7. The mere fact that Assistant Public Prosecutors Grade I and Grade II together with the Legal Advisor to the Vigilance Division and the Additional Legal Advisor to the Vigilance Division have been declared to form a separate class for the purpose of the Special Rules, will' not help the petitioner for sustaining his contention that a regular cadre of prosecuting officers exists in this State. In this connection it is relevant to note that Public Prosecutors and Additional Public Prosecutors are not covered by these Special Rules, but are, on the other hand, governed by separate statutory rules framed under Section 2 of the Kerala Public Services Act, viz., the Kerala Government Law Officers (Appointment and Conditions of Service) and Conduct of Cases Rules, 1978. Rules 8 and 9 of these rules deal with the method of appointment of Government law officers at District Court Level and the duration of their appointment. Those rules specifically lay down that Government Law Officers at District Court centres, Additional District Court centres, inclusive of Public Prosecutors and Additional Public Prosecutors are to be appointed by the Government from a panel of advocates furnished by the District Collector who is to prepare such panel in consultation with the District and Sessions Judge and that the appointment of a person as Public Prosecutor or Additional Public Prosecutor shall only be for a term of three years. This makes it clear that there is no regular cadre of prosecuting officers in this State comprising therein Public Prosecutors and Additional Public Prosecutors. In such a situation, the provisions of Sub-section (6) of Section 24 of the Code cannot, in our opinion, get attracted.

8. In view of the above conclusion that we have reached concerning the applicability and scope of Sub-section (6) of Section 24 of the Code it is manifest that there is no merit in the contentions raised by the petitioner against Exts. P2 and P3, whereby respondents 2 and 3 were appointed as Additional Prosecutors in the courts at Parur and Ernakulam respectively. Hence the reliefs of quo war-ranto and certiorari prayed for by the petitioner will stand disallowed. The further prayer of the petitioner for the issuance of a writ of mandamus directing the State Government to effect appointments to the posts of Public Prosecutor and Additional Public Prosecutor in accordance with Sub-section (6) of Section 24 of the Code has only to be rejected in the light of our conclusion that Sub-section (6) of Section 24 has no applicability at all in this State.

9. The learned Counsel for the petitioner expressed an apprehension that the dismissal of this writ petition may operate to the prejudice of the petitioner even in the matter of his being considered for appointment as public prosecutor in accordance with the procedure laid down in Sub-sections (3) to (5) read with Sub-section (9) of Section 24. We see no basis at all for any such apprehension.

10. This writ petition accordingly fails and it is hereby dismissed. The parties will bear their respective costs.

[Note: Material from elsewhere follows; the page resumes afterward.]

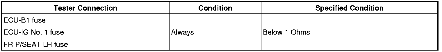 2. INSPECT FUSE (ECU-B1, ECU-IG No. 1, FR P/SEAT)
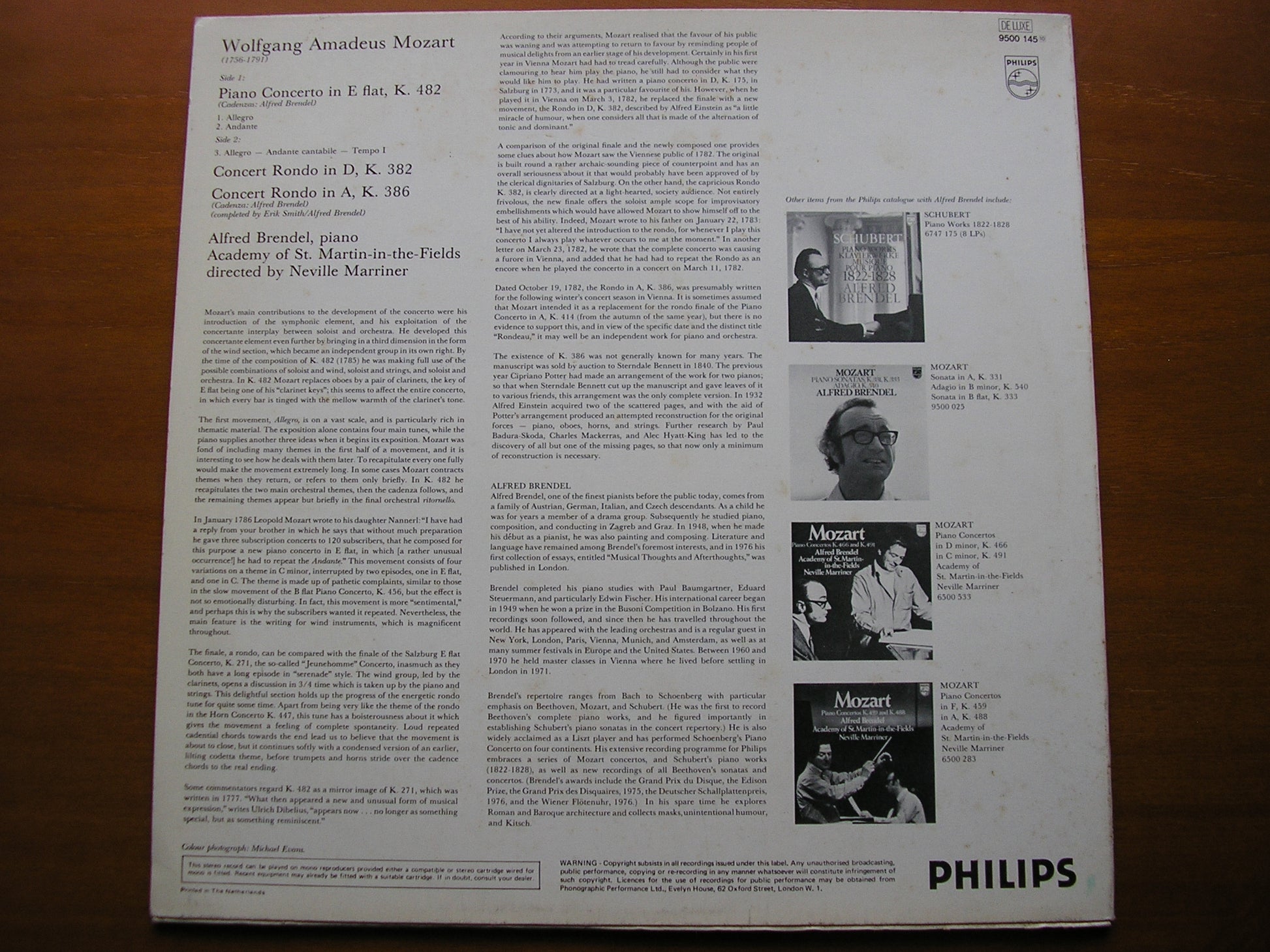 9500 145  MOZART: PIANO CONCERTO K482 / RONDOS K382 & K386      ALFRED BRENDEL / ACADEMY OF ST MARTIN IN THE FIELDS / NEVILLE MARRINER

11. Immediately after the pronouncement of this judgment, the learned Counsel appearing for the petitioner orally prayed under Article 134-A of the Constitution for the grant of a certificate under Article 133(1) to enable his client to carry the matter up in appeal before the Supreme Court. Since the case involves a substantial question of law of general importance concerning the interpretation of Sub-section (6) of Section 24 of the Code of Criminal Procedure, 1973 on which we consider an authoritative pronouncement by the Supreme Court is necessary, we allow the petitioner's prayer and direct the issuance of a certificate as requested for.

12. Issue a carbon copy of this judgment to the learned Counsel for the petitioner on payment of the requisite charges.